A participant’s right to claim a distribution of his or her account balance is dependent on the plan,
ERISA guidelines and Internal Revenue Service regulations. All active participants are fully vested in
all contributions to the 401(k) plan. During 2012, 2011 and 2010, the Company expensed approximately
$11.9 million, $10.9 million and $9.5 million, respectively, for matching contributions.
The Company also has a nonqualified supplemental retirement plan (‘‘SERP’’) and compensation
deferral plan (‘‘CDP’’), known as the Dollar General Corporation CDP/SERP Plan, for a select group
of management and other key employees. The Company incurred compensation expense for these plans
of approximately $1.4 million, $1.7 million and $1.7 million in 2012, 2011 and 2010, respectively.
The CDP/SERP Plan assets are invested in accounts selected by the Company’s Compensation
Committee or its delegate. These investments are classified as trading securities and the associated
deferred compensation liability is reflected in the consolidated balance sheets as further discussed in
Note 7.
11. Share-based payments
The Company accounts for share-based payments in accordance with applicable accounting
standards, under which the fair value of each award is separately estimated and amortized into
compensation expense over the service period. The fair value of the Company’s stock option grants are
estimated on the grant date using the Black-Scholes-Merton valuation model. Forfeitures are estimated
at the time of valuation and reduce expense ratably over the vesting period. The application of this
valuation model involves assumptions that are judgmental and highly sensitive in the determination of
compensation expense.
On July 6, 2007, the Company’s Board of Directors adopted the 2007 Stock Incentive Plan for Key
Employees, which plan was subsequently amended (as so amended, the ‘‘Plan’’). The Plan provides for
the granting of stock options, stock appreciation rights, and other stock-based awards or dividend
equivalent rights to key employees, directors, consultants or other persons having a service relationship
with the Company, its subsidiaries and certain of its affiliates. The number of shares of Company
common stock authorized for grant under the Plan is 31,142,858. As of February 1, 2013, 20,140,249 of
such shares are available for future grants.

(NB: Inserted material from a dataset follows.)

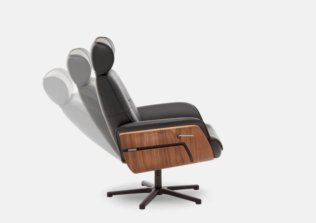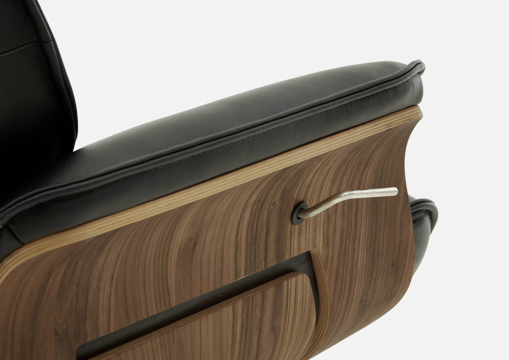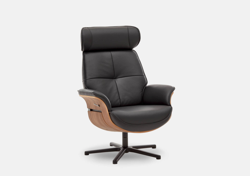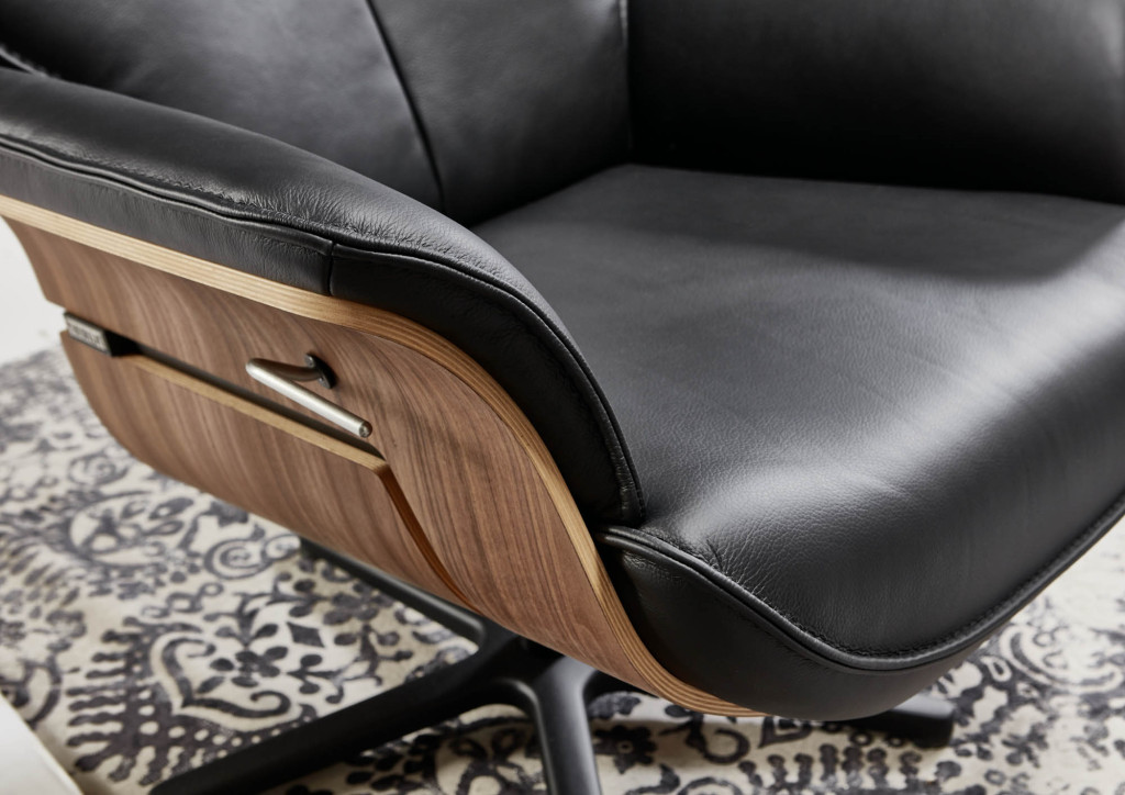 Leder, Farbe schwarz, Holz Nussbaum, Rücken, Sitz mittel, Sternfuß pulverbeschichtet schwarz, Sitzhöhe 43 cm

Under the Plan, the Company has granted options that vest solely upon the continued employment
of the recipient (‘‘Time Options’’), options that vest upon the achievement of predetermined annual or
cumulative financial-based targets (‘‘Performance Options’’) and other awards. Time and Performance
stock options generally vest ratably on an annual basis over a five-year period, with limited exceptions,
while other awards vest over varying time periods.